-- Material to process follows --
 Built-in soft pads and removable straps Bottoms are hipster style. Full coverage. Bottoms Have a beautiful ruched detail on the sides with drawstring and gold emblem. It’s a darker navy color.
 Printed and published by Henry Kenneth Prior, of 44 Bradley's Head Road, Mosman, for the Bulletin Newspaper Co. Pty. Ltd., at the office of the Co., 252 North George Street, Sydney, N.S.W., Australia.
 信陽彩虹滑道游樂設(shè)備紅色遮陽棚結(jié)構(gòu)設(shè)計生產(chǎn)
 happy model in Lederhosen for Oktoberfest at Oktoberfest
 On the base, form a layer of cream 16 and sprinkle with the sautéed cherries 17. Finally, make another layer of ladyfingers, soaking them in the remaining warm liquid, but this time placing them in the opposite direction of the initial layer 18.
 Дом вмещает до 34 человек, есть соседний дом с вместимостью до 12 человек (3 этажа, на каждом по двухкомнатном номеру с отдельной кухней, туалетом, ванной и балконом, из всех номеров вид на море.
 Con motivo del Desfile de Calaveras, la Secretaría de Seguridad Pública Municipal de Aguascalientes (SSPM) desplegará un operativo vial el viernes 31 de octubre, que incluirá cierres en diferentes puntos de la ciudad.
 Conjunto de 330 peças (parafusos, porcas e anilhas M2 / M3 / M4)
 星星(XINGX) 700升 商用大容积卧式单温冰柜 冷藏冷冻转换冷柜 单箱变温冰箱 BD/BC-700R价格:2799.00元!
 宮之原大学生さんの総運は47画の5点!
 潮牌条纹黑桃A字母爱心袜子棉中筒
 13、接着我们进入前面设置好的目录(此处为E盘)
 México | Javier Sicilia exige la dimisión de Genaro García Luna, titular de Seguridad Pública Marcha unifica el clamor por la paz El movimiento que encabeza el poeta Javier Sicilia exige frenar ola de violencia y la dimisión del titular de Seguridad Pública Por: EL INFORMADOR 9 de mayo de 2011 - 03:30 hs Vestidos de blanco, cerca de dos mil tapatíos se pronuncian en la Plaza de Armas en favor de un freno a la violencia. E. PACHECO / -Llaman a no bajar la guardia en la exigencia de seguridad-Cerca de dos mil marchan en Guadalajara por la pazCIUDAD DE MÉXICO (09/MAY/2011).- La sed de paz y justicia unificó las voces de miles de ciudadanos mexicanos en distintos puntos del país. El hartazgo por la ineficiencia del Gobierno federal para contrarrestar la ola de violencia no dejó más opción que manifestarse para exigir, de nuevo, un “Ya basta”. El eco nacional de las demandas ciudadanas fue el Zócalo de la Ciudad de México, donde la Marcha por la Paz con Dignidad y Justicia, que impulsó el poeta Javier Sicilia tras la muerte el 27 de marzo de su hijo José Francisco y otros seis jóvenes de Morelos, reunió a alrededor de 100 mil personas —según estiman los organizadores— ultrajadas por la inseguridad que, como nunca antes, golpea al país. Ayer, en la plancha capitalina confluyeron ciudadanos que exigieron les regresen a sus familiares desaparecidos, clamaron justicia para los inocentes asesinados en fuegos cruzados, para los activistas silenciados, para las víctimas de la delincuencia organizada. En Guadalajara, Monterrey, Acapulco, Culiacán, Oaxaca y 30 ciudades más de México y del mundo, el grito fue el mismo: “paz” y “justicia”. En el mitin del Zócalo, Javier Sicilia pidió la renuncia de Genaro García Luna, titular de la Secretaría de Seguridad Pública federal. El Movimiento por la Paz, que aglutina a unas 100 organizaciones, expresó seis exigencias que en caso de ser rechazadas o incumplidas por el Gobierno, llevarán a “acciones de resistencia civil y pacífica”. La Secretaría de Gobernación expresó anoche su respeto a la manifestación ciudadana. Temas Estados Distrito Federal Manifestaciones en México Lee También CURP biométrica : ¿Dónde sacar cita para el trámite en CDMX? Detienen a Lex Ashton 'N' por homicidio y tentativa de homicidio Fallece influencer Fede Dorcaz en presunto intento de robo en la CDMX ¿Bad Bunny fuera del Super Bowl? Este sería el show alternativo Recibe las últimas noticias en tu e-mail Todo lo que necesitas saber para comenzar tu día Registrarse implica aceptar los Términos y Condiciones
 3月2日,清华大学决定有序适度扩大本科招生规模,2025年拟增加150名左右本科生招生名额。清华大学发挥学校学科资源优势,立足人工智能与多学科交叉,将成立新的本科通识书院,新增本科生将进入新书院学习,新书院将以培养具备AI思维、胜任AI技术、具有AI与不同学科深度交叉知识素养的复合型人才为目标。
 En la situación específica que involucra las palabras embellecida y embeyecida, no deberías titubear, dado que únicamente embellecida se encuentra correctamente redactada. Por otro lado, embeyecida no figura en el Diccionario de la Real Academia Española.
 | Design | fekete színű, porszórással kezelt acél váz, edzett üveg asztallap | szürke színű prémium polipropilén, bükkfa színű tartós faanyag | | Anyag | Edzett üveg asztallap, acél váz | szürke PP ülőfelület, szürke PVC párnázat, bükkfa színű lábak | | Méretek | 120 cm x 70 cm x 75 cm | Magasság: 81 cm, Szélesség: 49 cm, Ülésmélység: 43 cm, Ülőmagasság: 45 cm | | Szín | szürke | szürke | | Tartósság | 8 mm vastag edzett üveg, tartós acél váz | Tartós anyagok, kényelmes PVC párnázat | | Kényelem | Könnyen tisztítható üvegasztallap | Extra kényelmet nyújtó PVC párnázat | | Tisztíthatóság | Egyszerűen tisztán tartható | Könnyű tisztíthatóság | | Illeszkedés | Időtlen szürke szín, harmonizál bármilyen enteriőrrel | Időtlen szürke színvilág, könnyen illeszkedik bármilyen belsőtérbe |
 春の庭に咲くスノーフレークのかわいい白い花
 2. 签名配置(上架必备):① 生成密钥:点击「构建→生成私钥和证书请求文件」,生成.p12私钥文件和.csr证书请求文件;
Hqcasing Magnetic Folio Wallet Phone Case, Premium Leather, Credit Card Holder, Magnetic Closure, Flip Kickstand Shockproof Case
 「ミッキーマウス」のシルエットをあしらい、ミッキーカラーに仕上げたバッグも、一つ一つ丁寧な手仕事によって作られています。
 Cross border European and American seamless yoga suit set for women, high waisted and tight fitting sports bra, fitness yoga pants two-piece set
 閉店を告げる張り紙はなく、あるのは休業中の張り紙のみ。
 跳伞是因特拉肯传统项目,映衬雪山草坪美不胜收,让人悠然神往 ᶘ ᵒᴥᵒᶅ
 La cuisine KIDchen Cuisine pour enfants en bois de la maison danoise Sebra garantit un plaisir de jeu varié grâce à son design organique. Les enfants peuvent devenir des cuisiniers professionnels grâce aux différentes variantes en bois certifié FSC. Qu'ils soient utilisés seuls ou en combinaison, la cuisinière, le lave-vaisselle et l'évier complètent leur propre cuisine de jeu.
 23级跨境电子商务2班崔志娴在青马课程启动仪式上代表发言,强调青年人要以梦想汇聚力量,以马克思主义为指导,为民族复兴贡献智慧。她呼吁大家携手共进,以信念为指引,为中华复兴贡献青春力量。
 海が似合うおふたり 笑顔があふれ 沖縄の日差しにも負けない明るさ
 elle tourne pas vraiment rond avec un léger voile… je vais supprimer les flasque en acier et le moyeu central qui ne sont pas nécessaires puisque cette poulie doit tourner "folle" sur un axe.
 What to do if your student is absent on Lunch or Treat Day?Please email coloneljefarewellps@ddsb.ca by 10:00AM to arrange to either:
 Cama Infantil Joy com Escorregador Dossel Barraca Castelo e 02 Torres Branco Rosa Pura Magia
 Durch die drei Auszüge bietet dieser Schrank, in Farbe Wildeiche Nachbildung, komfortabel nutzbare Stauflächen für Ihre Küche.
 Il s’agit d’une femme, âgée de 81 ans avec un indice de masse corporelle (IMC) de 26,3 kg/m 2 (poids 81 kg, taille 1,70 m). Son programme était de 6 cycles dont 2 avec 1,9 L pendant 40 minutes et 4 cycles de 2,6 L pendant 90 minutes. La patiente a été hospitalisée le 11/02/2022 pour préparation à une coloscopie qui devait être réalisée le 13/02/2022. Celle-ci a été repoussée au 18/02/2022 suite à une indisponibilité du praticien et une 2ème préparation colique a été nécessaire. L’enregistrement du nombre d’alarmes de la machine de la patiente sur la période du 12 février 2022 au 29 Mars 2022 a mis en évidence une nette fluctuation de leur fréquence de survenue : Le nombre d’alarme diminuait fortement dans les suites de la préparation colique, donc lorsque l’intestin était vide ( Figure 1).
-- Material to process concluded --
-- Exercise brief --
Please output the line that contains "Durch die drei" and every line after it in the entries above, exactly, and nothing more.

-- Your solution --
 Durch die drei Auszüge bietet dieser Schrank, in Farbe Wildeiche Nachbildung, komfortabel nutzbare Stauflächen für Ihre Küche.
 Il s’agit d’une femme, âgée de 81 ans avec un indice de masse corporelle (IMC) de 26,3 kg/m 2 (poids 81 kg, taille 1,70 m). Son programme était de 6 cycles dont 2 avec 1,9 L pendant 40 minutes et 4 cycles de 2,6 L pendant 90 minutes. La patiente a été hospitalisée le 11/02/2022 pour préparation à une coloscopie qui devait être réalisée le 13/02/2022. Celle-ci a été repoussée au 18/02/2022 suite à une indisponibilité du praticien et une 2ème préparation colique a été nécessaire. L’enregistrement du nombre d’alarmes de la machine de la patiente sur la période du 12 février 2022 au 29 Mars 2022 a mis en évidence une nette fluctuation de leur fréquence de survenue : Le nombre d’alarme diminuait fortement dans les suites de la préparation colique, donc lorsque l’intestin était vide ( Figure 1).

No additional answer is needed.